[Date Prev][Date Next][Thread Prev][Thread Next][Date Index][Thread Index]
Re: [Qemu-ppc] [PATCH v2] spapr_drc: don't allow 'empty' DRCs to be unis
From: |
Michael Roth |
Subject: |
Re: [Qemu-ppc] [PATCH v2] spapr_drc: don't allow 'empty' DRCs to be unisolated |
Date: |
Wed, 09 Sep 2015 21:50:01 -0500 |
User-agent: |
alot/0.3.6 |
Quoting David Gibson (2015-09-09 20:18:01)
> On Wed, Sep 09, 2015 at 12:19:22PM -0500, Michael Roth wrote:
> > Quoting David Gibson (2015-09-08 23:10:41)
> > > On Tue, Sep 08, 2015 at 06:44:55PM -0500, Michael Roth wrote:
> > > > Logical resources start with allocation-state:UNUSABLE /
> > > > isolation-state:ISOLATED. During hotplug, guests will transition
> > > > them to allocate-state:USABLE, and then to isolate-state:UNISOLATED.

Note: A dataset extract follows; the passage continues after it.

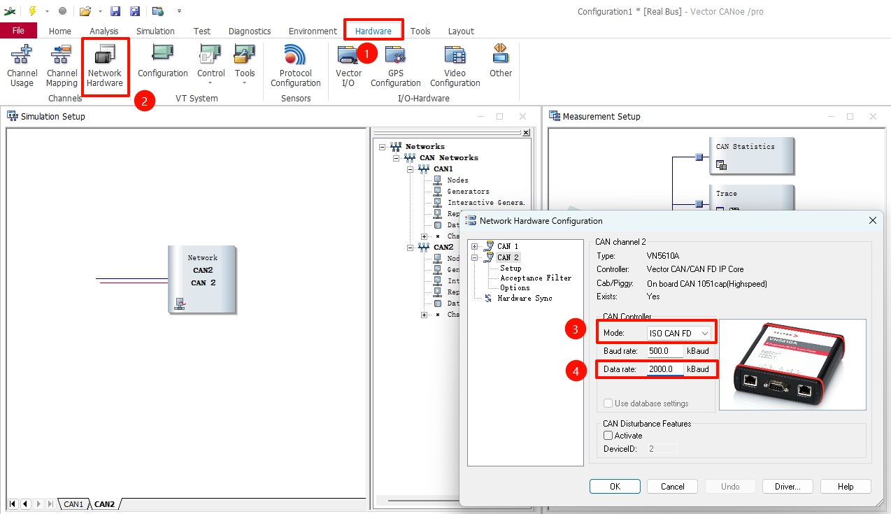 在开始使用 Canoe 之前,需要先将 VN5610A 硬件设备通过 USB 连接到电脑,并确保已安装对应驱动。

> > > > The former transition does not seem to have any failure path for
> > > > cases where a DRC does not have any resources associated with it to
> > > > allocate for guest, but instead relies on the subsequent
> > > > isolation-state:UNISOLATED transition to indicate failure in this
> > > > situation.
> > > >
> > > > Currently DRC code does not implement this logic, but instead
> > > > tries to indicate failure by refusing the allocation-state:USABLE
> > > > transition. Unfortunately, since that's not a documented failure
> > > > path, guests continue undeterred, causing undefined behavior in
> > > > QEMU and guest code.
> > > >
> > > > Fix this by handling things as PAPR defines (13.7 and 13.7.3.1).
> > > >
> > > > Cc: address@hidden
> > > > Cc: David Gibson <address@hidden>
> > > > Cc: Bharata B Rao <address@hidden>
> > > > Signed-off-by: Michael Roth <address@hidden>
> > > > ---
> > > > v2:
> > > > - actually include the full changeset in the patch
> > >
> > > Several queries for clarification:
> >
> > Looks like you've already picked this up, but just in case:
> >
> > >
> > > * Is this intended to replace Bharata's patch "spapr_drc:
> > > Return correct state for logical DR in entity_sense()" or to apply
> > > on top of it?
> >
> > Yes this should replace that patch.
> >
> > >
> > > * If I'm understanding correctly, the problem here is that although
> > > the guest is supposed to check for failures to set the allocation
> > > state, it's actually not? This patch is to make qemu gracefully
> > > handle the guest's failure to do this? Is that right?
> >
> > The root issue is that allocation state setting doesn't actually have
> > a documented failure path. Instead, the subsequent isolation state
> > setting is where we surface an error if we're unable to actually
> > provide the device to the guest (due to it not being attached
> > to the DRC in question).
>
> Um.. 13.7.3.1 (step 2) implies checking for failures on setting
> allocation state, and 13.5.3.5 Table 177 says "If the transition to
> the usable state is not possible the -3 (no such indicator
> implemented) status is returned."
>
> How is that not a documented failure path?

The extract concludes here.